Когда Степа провожал актрису Рубан до такси, подумал о Волгиной: «Ну и стерва! Стопроцентная!»
4
Швец приплелся домой, дверь ему открыла жена. Она была старше Юлиана на шесть лет, маленькая, худенькая, с приторно-сладким голосом, похожая на милую обезьянку. Если б не способность Раечки нянчиться с мужем с рабским терпением, он бы давно сбежал от законной половины. И от нее Юлик устал. Но без нее нельзя.
Она тоже окончила театральное училище и, как все актрисы, мечтала о карьере героини в театре. Да, эта обезьянка с жидкими волосенками, маленькими и невыразительными глазенками, сутулая и занудливая, жаждала играть роли красавиц и роковых женщин. Но куда с таким ростом, личиком и голосом, который не слышен уже в первом ряду! Раечка казалась слабенькой и в первый момент знакомства вызывала жалость. Однако это был плотоядный зверек, свой кусок мог отгрызть с живостью крокодила. Собственно, она и учила Юлика, как надо вести себя и что предпринимать, без нее он просто-напросто был бы беспомощен. Потому и не бросал надоевшую до смерти жену. Раечка была генератором идей, а воплотитель ее идей он, Юлик.

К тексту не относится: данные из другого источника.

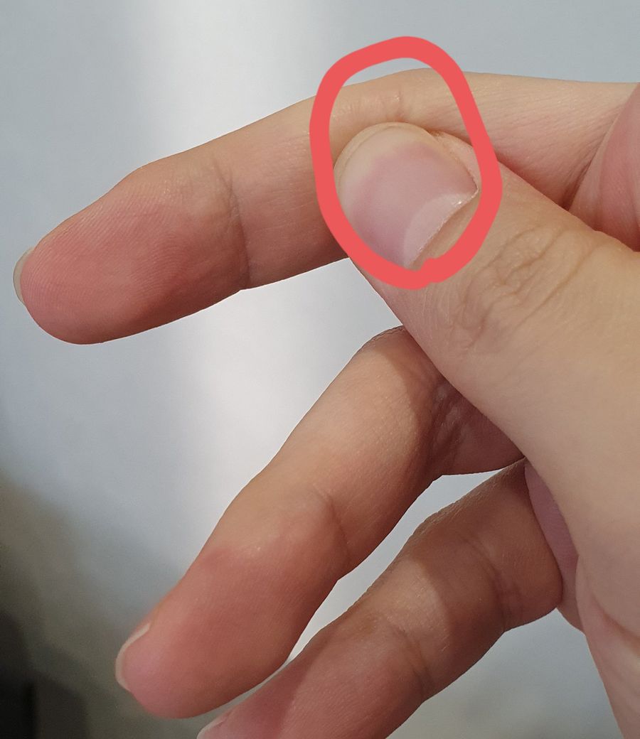 안녕하세요. 몇달전부터 오른쪽 중지 손가락 꺾이는 부분에
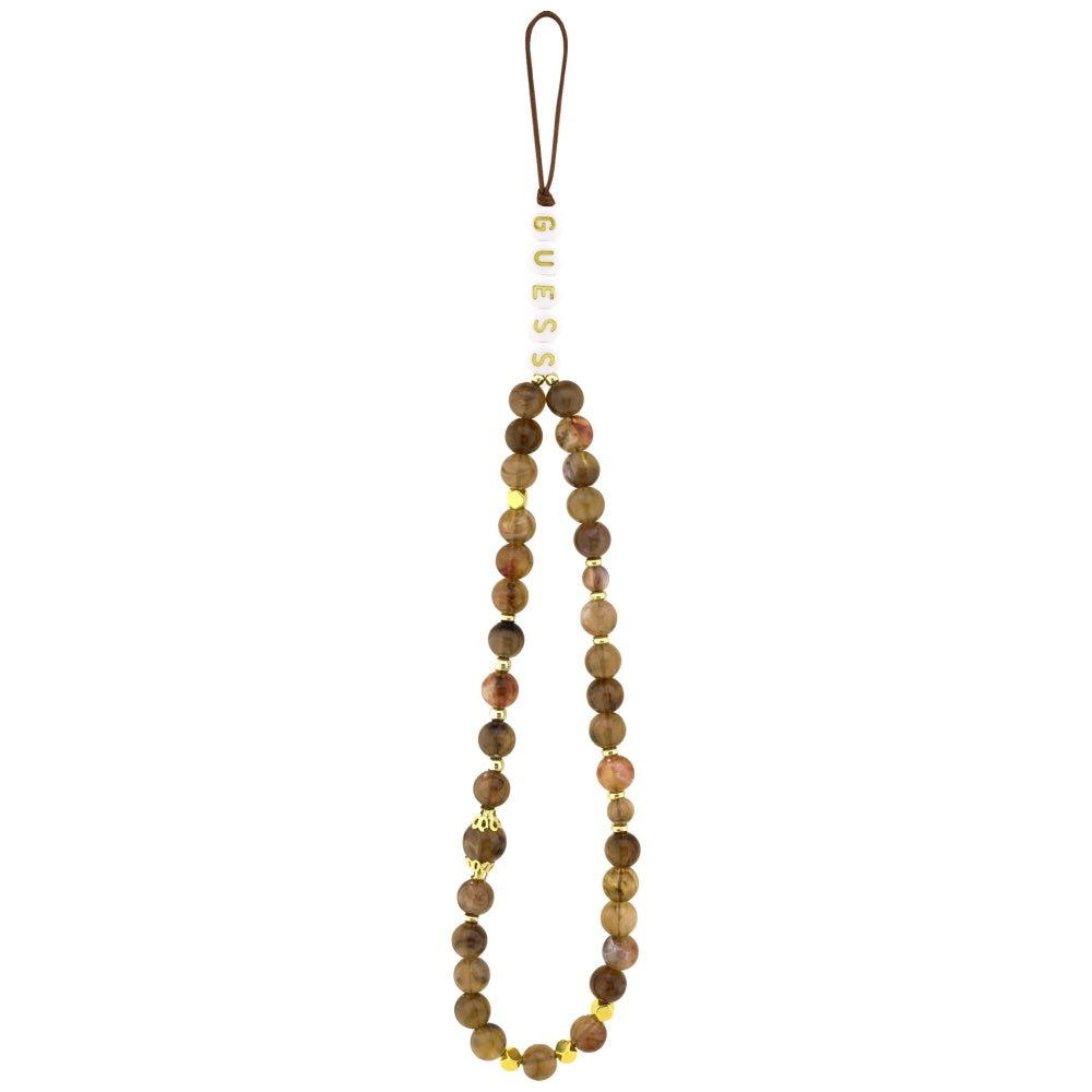 Case for Apple iPhone 17 Pro, Guess, 4G Classic Logo with Pearl Strap, Brown
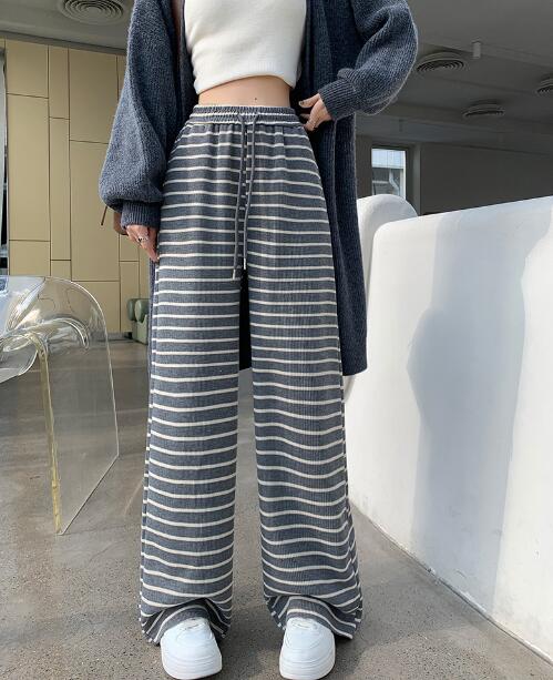 ボーダー柄パンツズボンボトムススウェット ロングワイド太い太め大きいサイズビッグゆったりハイウエストポケットダンス衣装ヒップホップレディースガールズ個性的奇抜
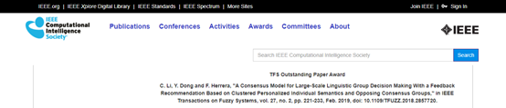Dr. Congcong Li, from the School of Economics and Management, won the 2022 IEEE TFS Outstanding Paper Award with a paper entitled “A consensus model for large-scale linguistic group decision making with a feedback recommendation based on clustered personalized individual semantics and opposing consensus groups”, which was published in IEEE Transactions on Fuzzy Systems in 2019.
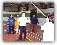 Lo que más nos gusta a casi todos son las manoplas y el futbolín y, por último, el ping pong. ![]() A las manoplas se juega dando a una bola con dos palas pegadas a un hierro. Hay que intentar meter la bola en una especie de portería, que defiende un chico o una chica. | ||
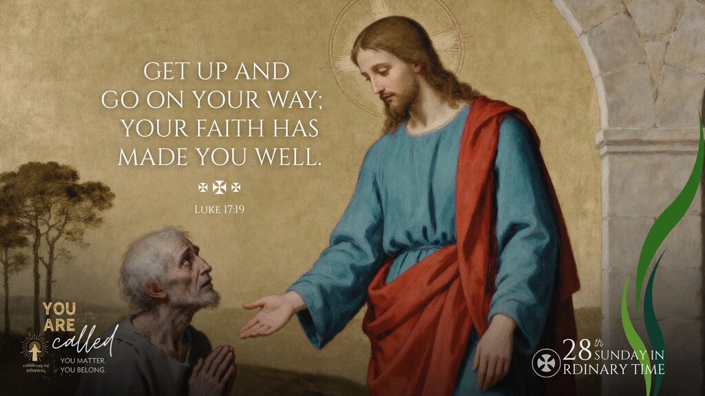 Trên đường lên Giê-ru-sa-lem, Đức Giêsu đi qua biên giới giữa hai miền Sa-ma-ri và Gali-lê. Lúc Người vào một làng kia, thì có mười người phong hủi đón gặp Người. Họ dừng lại đằng xa và kêu lớn tiếng: “Lạy thầy Giê-su, xin dủ lòng thương chúng tôi!” Thấy vậy, Đức Giê-su bảo họ: “Hãy đi trình diện với các tư tế.” Đang khi đi thì họ được sạch. Một người trong bọn, thấy mình được khỏi, liền quay trở lại và lớn tiếng tôn vinh Thiên Chúa. Anh ta sấp mình dưới chân Đức Giê-su mà tạ ơn.

На связь с Эрой Лукьяновной Рая давно закрыла глаза. Почему? А выгодно. Когда Эпоха захватила театр, Рая сама советовала мужу обращаться с ней поласковей, ну, там ручку поцеловать, цветочек подарить, комплиментик сказать. Не думала тогда Рая, что этот говнюк еще и в койку к ней залезет. Узнав впервые, что Юлик закрутил любовь со старой перечницей, конечно же, оскорбилась до глубины души, гордо выставила мужа вон. А потом заплатила за квартиру и села на хлеб с салом вместе с дочерью. Дочь не его, от первого мужа, бог не дал детей Юлику, впрочем, он по сему поводу не скорбел. Эра же, старая кляча, одевала Юлика, давала заработную плату, при которой можно не бедствовать, зачем же от этого отказываться? А принципы – удел дураков. Раечка верила, что ее никчемный муж, которого постоянно надо подталкивать в спину, в конце концов займет достойное место. Сделает он это не без ее ценных советов и мудрого направления, потом Юлик вернет жену в театр, вот тогда она всех расставит по полочкам. Нет, с актерской карьерой Рая распрощалась. В театре себя видела режиссером и даже собиралась поступать на режиссерские курсы. Потому и терпела выходки так называемого мужа, запойного алкоголика, циника и ублюдка. Если б еще его старая кляча квартирку выбила трехкомнатную и в центре города, тогда бы Рая поцеловала ее в обвислую задницу. Но квартиру выбить не удавалось, хоть Раечка и напоминала мужу, чтобы активнее наседал на Мессалину, нечего даром трахать ее!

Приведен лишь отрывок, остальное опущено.